Ze liepen over de snelweg. Uit macht der gewoonte bleven ze over de
berm lopen, al was er geen verkeer te bekennen. Algauw gingen ze op
het midden van de weg lopen, zij aan zij. Hun schoenen kraakten in
de enkeldiepe sneeuw. De schop sleepte achter Nick aan. Af en toe
hoorden ze het geruis van de rivier rechts van hen en zagen ze
lichtjes als verre sterren twinkelen wanneer een aak
voorbijvoer.
Nick had geen idee hoe lang ze liepen. Op een kaart leek het
waarschijnlijk een afstand van niets, maar in die koude, kleurloze
wereld, met slechts zijn voetstappen om de tijd te markeren, leek
het wel een eeuwigheid. Hij ging op in zijn gedachten en zou
misschien de afslag compleet hebben gemist als Emily niet aan zijn
mouw had getrokken.
'Is dat het pad?'
Ze hadden een bocht bereikt waar de weg op een van de berghellingen
scherp de hoek omging.
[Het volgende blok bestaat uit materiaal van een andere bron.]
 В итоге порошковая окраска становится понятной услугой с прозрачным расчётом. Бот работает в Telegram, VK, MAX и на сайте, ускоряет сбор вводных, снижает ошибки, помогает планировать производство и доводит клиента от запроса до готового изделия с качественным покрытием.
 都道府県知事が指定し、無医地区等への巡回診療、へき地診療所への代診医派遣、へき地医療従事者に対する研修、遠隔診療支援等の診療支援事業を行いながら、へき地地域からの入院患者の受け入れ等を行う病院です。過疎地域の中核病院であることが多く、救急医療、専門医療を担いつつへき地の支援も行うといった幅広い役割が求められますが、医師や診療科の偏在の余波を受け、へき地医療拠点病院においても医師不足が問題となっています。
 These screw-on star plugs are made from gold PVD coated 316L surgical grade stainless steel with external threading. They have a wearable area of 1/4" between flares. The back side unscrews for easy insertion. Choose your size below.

Net voor de bocht lag een uit het bos
gekapte parkeerplaats die omhoogliep naar de kloof erachter. Waar
Emily naartoe wees, doemde een donkere kloof tussen de
spookachtige, met sneeuw bedekte bomen.
Nick deed de zaklantaarn aan. Voor hij het pad kon gaan zoeken,
viel zijn oog op iets langs de rand van de weg. Het was een bord,
nauwelijks uitstekend uit de sneeuw die de sneeuwruimers hadden
opgehoopt. Nick liep eropaf en wreef de bevroren korst weg.
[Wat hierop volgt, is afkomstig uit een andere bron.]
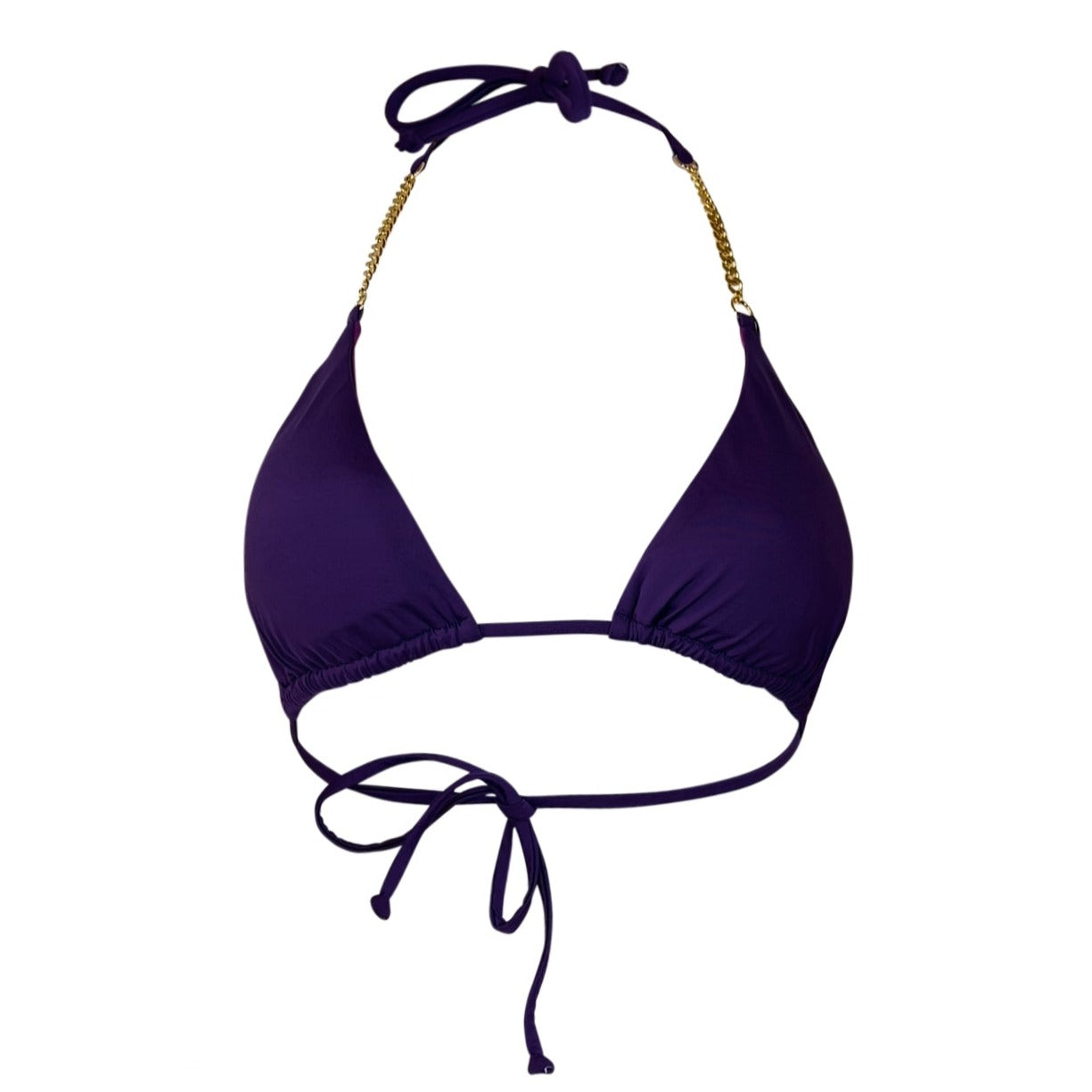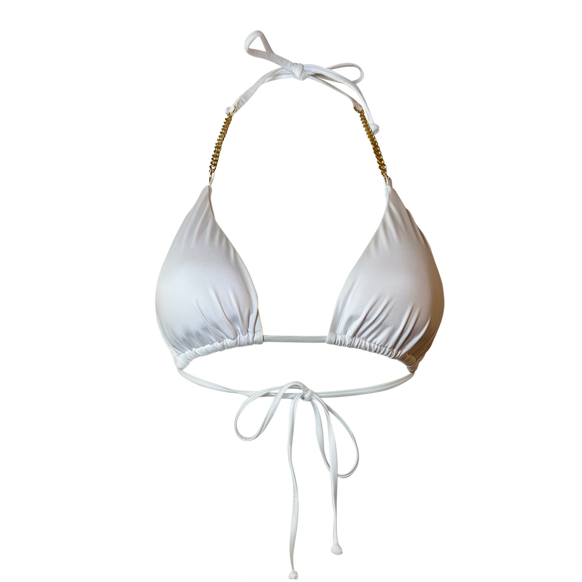 The Bella Top is an eye catcher, as it is the perfect balance between classy and sassy. This top features a triangle cut, with gold chain hardware. Pair with Bella Bottom to complete the set.

'Wolfschlucht Brucke,' las hij. 'Wolvenkloofbrug.' Hij zocht om
zich heen naar de brug en besefte toen dat hij erop stond. Hij
tuurde over de vangrail en zag de gapende opening van een verroeste
leiding onder de weg verdwijnen.
'Hier is het, denk ik. Dat pad dat je zag, moet een bevroren rivier
zijn.'
Ze klommen over de ijzige vangrail en lieten zich naar de oever
glijden. De bevroren rivier voerde in de richting van het bos als
een smal wit lint.
Nick tastte naar Emily's jas. 'Je hoeft niet mee te gaan.'
Ze schudde zijn hand zwijgend van zich af en liep in de richting
van de heuvel. Zelfs nu ze de rivier konden volgen, was het woud
nog zo goed als ondoordringbaar. Het leek bijna te leven.
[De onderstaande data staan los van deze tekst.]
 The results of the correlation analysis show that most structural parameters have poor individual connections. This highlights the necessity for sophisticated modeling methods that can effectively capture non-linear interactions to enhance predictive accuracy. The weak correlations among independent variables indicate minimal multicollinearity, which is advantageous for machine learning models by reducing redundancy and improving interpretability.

Laaghangende takken verwondden zijn schouders, sloegen in zijn
gezicht, staken in zijn benen en schudden sneeuw in zijn kraag.
Onder zijn voeten was het al even verraderlijk. De sneeuw verborg
alle sporen van de rotsen en wortels die zich eronder
schuilhielden. Hij durfde zijn zaklantaarn niet te gebruiken voor
het geval iemand vanaf het kasteel toekeek. Zelfs op de vlakke
gedeeltes was het niet veilig, want meestal betekende dat dat ze
over een bevroren plas liepen. Eén keer zakte Nicks voet door het
ijs: hij gleed, maaide met zijn armen en viel op zijn rug. Zijn
schop kletterde op steen. Hij luisterde naar het weergalmen ervan
door het woud.
Verblind door sneeuw en takken zagen ze bijna het kasteel niet. De
enige aanwijzing was een glinsterend licht in de verder totale
duisternis rechts van hen. Dat volstond. Nick ging eropaf,
blindelings als een wild zwijn door het kreupelhout brekend. Sneeuw
joeg om hem heen; boomstammen kraakten. Als hij het niet gauw zou
vinden, zou hij daar misschien voor altijd blijven dwalen.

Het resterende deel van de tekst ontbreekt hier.